Task statement —
Restate the listing below word for word, pictures excluded.

Data excerpt —
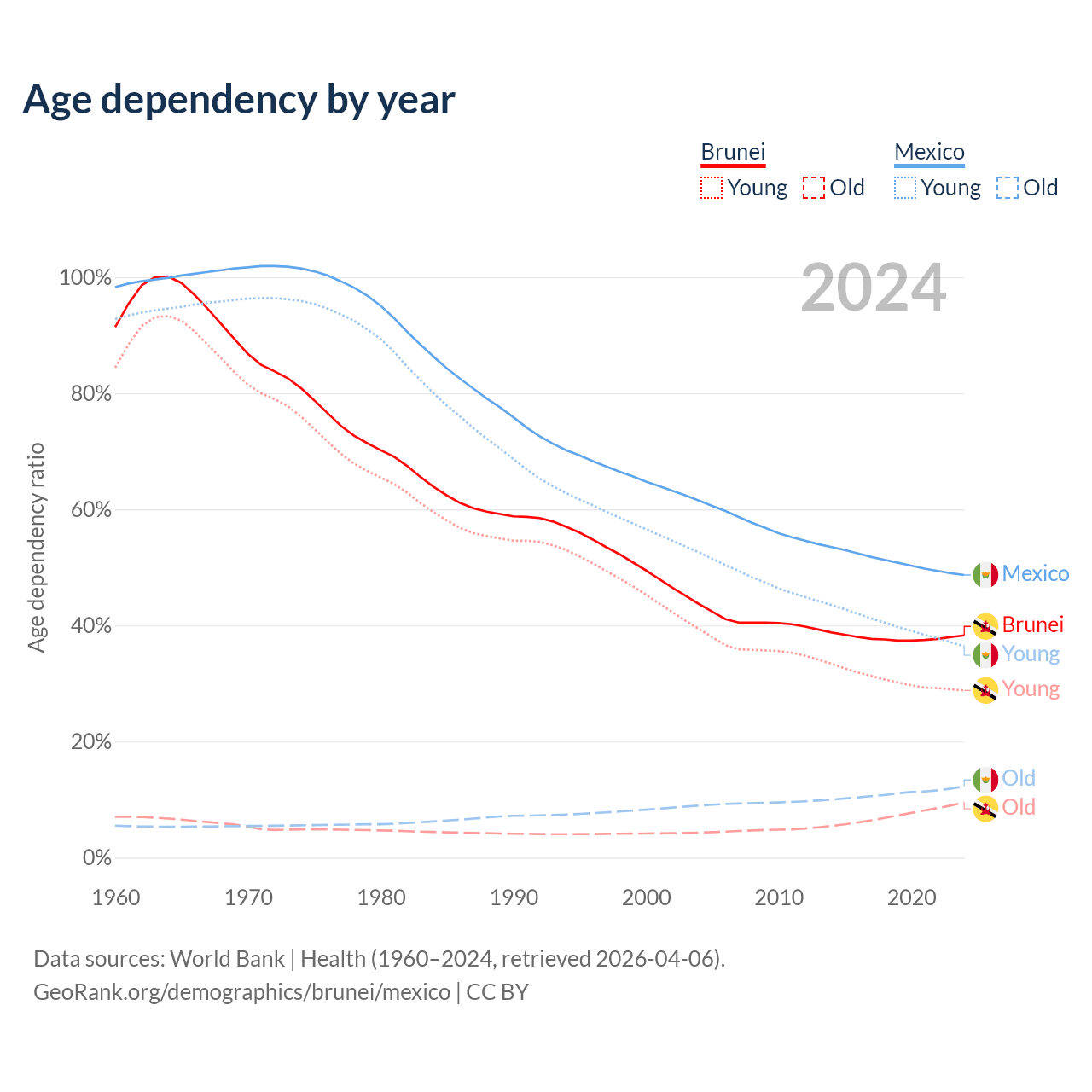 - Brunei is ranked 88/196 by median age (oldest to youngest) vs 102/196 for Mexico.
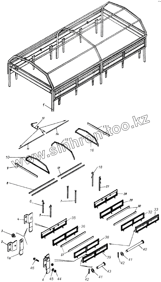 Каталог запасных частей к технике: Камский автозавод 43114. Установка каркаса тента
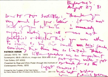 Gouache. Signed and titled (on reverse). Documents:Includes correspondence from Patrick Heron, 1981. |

Response to this task —
 - Brunei is ranked 88/196 by median age (oldest to youngest) vs 102/196 for Mexico.
 Каталог запасных частей к технике: Камский автозавод 43114. Установка каркаса тента
 Gouache. Signed and titled (on reverse). Documents:Includes correspondence from Patrick Heron, 1981. |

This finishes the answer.